What to work on
Reproduce the entries shown below only from the line with "யாழ்ப்பாணப் பல்கலைக்கழகத்தில் பல்கலைக்கழக" down to the line with "NOTE: When vacuum", keeping both end lines and copying each one exactly.

Material for this exercise

--- START ---

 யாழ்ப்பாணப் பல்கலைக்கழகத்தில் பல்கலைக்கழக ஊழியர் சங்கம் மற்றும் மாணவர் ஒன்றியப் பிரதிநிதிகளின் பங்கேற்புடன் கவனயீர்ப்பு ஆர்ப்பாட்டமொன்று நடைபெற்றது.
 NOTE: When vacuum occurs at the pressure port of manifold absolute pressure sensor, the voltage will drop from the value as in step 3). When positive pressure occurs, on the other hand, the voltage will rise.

--- END ---
--- START ---

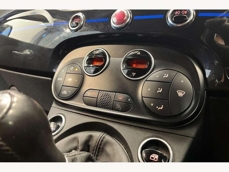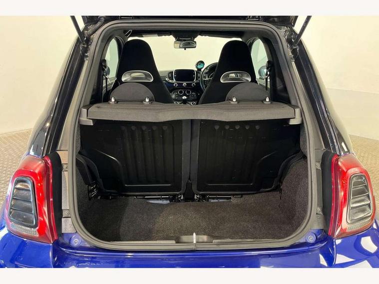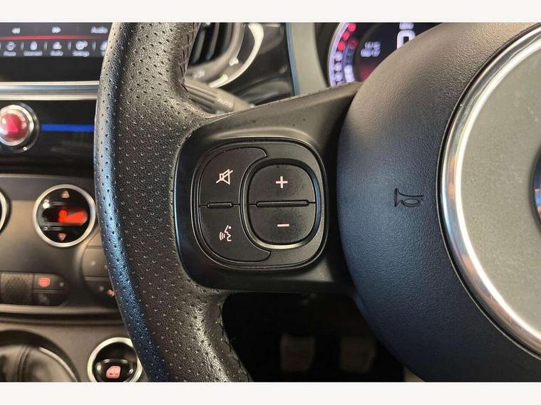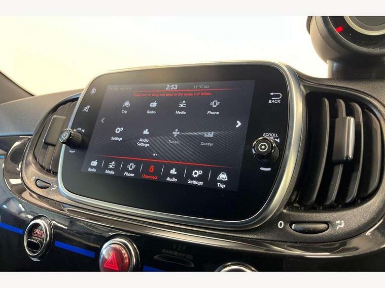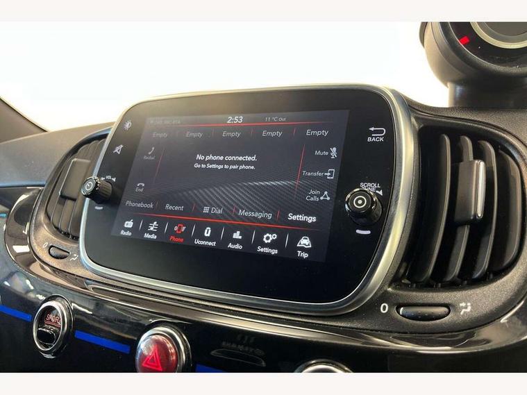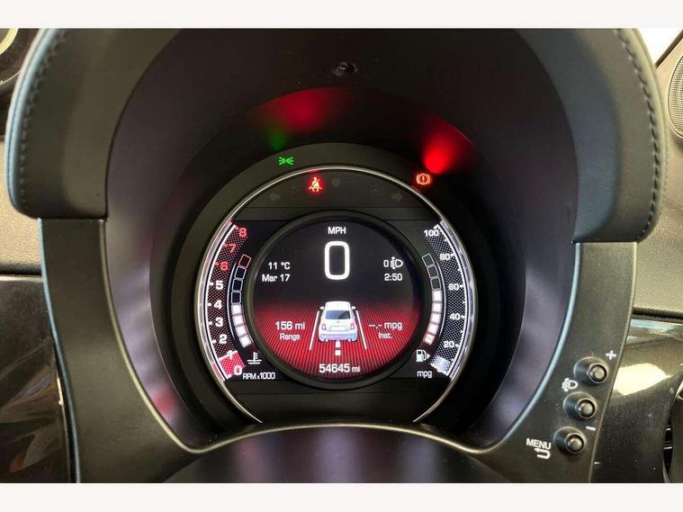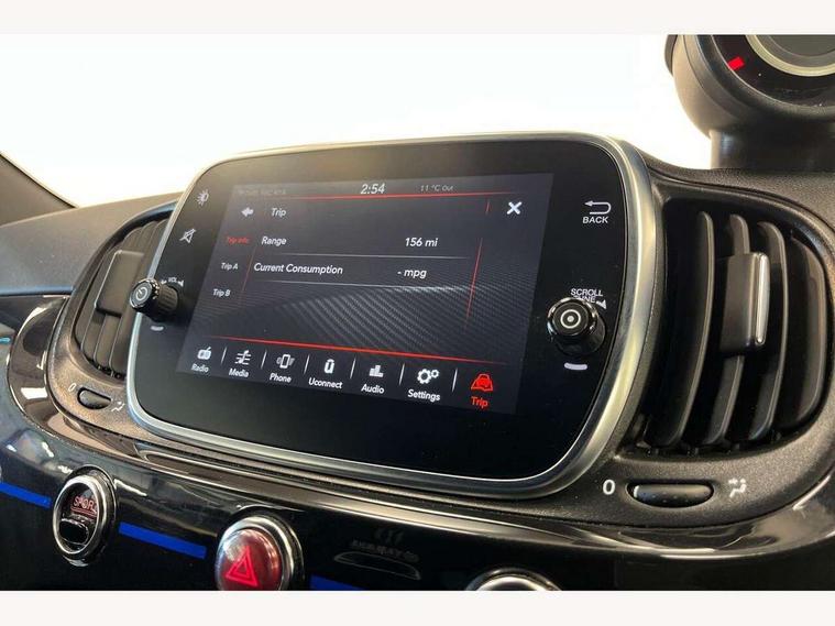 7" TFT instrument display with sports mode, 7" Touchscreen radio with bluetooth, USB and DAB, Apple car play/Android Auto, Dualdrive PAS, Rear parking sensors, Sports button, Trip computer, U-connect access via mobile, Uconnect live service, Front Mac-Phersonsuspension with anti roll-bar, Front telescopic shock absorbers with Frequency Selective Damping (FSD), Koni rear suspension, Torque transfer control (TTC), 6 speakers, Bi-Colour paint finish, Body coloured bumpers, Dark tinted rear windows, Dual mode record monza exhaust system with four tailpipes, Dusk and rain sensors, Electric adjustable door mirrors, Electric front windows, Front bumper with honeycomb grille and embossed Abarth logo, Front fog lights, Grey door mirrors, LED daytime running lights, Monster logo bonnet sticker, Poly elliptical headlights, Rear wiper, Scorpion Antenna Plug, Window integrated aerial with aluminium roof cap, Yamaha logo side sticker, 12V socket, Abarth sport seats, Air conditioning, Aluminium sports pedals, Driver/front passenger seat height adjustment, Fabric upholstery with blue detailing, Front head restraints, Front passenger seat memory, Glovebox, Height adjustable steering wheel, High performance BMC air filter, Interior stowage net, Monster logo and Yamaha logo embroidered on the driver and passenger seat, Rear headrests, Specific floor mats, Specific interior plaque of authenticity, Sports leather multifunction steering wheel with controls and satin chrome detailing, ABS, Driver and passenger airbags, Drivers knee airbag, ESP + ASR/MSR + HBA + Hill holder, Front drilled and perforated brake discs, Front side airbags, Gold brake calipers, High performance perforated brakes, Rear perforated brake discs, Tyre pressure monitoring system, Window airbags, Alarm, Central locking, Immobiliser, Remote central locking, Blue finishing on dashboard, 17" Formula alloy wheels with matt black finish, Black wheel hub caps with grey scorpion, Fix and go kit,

--- END ---

Result of this exercise
 யாழ்ப்பாணப் பல்கலைக்கழகத்தில் பல்கலைக்கழக ஊழியர் சங்கம் மற்றும் மாணவர் ஒன்றியப் பிரதிநிதிகளின் பங்கேற்புடன் கவனயீர்ப்பு ஆர்ப்பாட்டமொன்று நடைபெற்றது.
 NOTE: When vacuum occurs at the pressure port of manifold absolute pressure sensor, the voltage will drop from the value as in step 3). When positive pressure occurs, on the other hand, the voltage will rise.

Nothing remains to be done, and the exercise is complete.